Xu Jianguo, chairman and legal representative of Hebei, could not be reached for comment at his office in China. Mr. Xu and the company are listed on a variety of Chinese-language Web sites. One site calls him “the city of Tangshan coke king” and says that he has been chairman of the board of the Entrepreneurs Association of Hebei Province, Tangshan City Federation executive committee.
Mr. Ridenour alleged Mr. Xu asked for an additional $10 million after the coke shipment didn’t arrive at the docks.
John Carey, a lawyer with Eastman & Smith Ltd. who is working for Heidtman, said the arbitration award has been ignored but there are legal options in China.
“We have a two-year window to do something with it in China,” Mr. Carey said. “We have had a Chinese lawyer in Beijing for about a year trying to help us. ... We have been told by everybody and their aunt that you can go through the Chinese judicial process if you want to; it will take a really long time; it will be really expensive, and really there is no certainty for outcome.”
Derek Scissors, an expert on China and an Asian scholar at the Heritage Foundation in Washington, said he was not surprised to hear about Heidtman’s troubles with the Chinese company. He said American companies should first check out businesses in China before proceeding because recovering money in a legal dispute is very difficult.

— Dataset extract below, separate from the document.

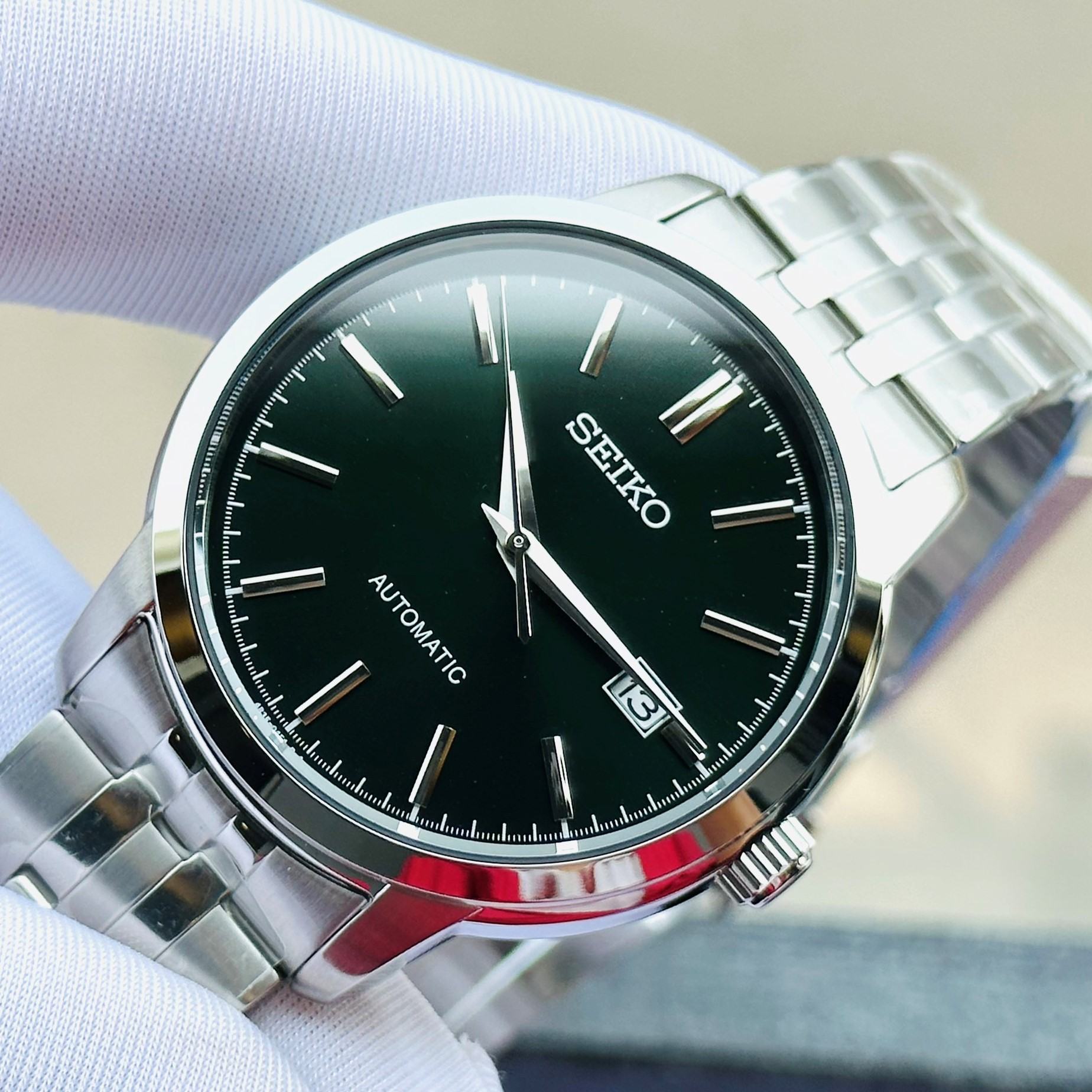 El Seiko SRPH89K1 combina elegancia clásica con precisión japonesa. Su esfera blanca con acabado rayos de sol y brazalete de acero inoxidable lo convierten en un reloj automático versátil y sofisticado, ideal para el uso diario o eventos formales.

“No certainty for an outcome is an understatement,” Mr. Scissors said. “The fundamental problem for the U.S. is that it wants to encourage private Chinese companies, but private does not mean ethical or well run. ... It could be owned by thieves and all of these companies have the shelter that they are not going to be forced to pay unless they have other overseas exposure.”
Mr. Scissors said American companies in similar disputes will not get a judgment on any basis of law. “There is no rule of law in China,” he said. “Decisions are made on a political basis and the top one is keeping people employed, so if the Chinese company says it would have to lay off workers to pay this order, then forget it, you are not going to get squat.”
Mr. Ridenour admits Heidtman should have used an international letter of credit rather than paying up front for the coke.
“This was our first foray into China and maybe our last,” he said. “It’s a story about the perils of doing business in China without having your behind protected.”
Heidtman and its law firm have asked for help from U.S. Sen. Rob Portman (R., Ohio), U.S. Rep. Marcy Kaptur (D., Toledo), the U.S. Department of State, the U.S. Department of Commerce, the American Embassy in Beijing, and the International Chamber of Commerce.
Miss Kaptur said she is trying to “get justice” for Heidtman by going through official channels.
“I am seeking a personal meeting with the ambassador from China to the United States and we have asked for that meeting and we are waiting for a reply,” she said. “We are operating with a country that does not have reciprocal trade practices. They do not have a rule of law and they do not abide by the normal practice of global trade.”
She said Heidtman’s situation is a cautionary tale.
“This is indicative of many American companies doing business in China,” Miss Kaptur said.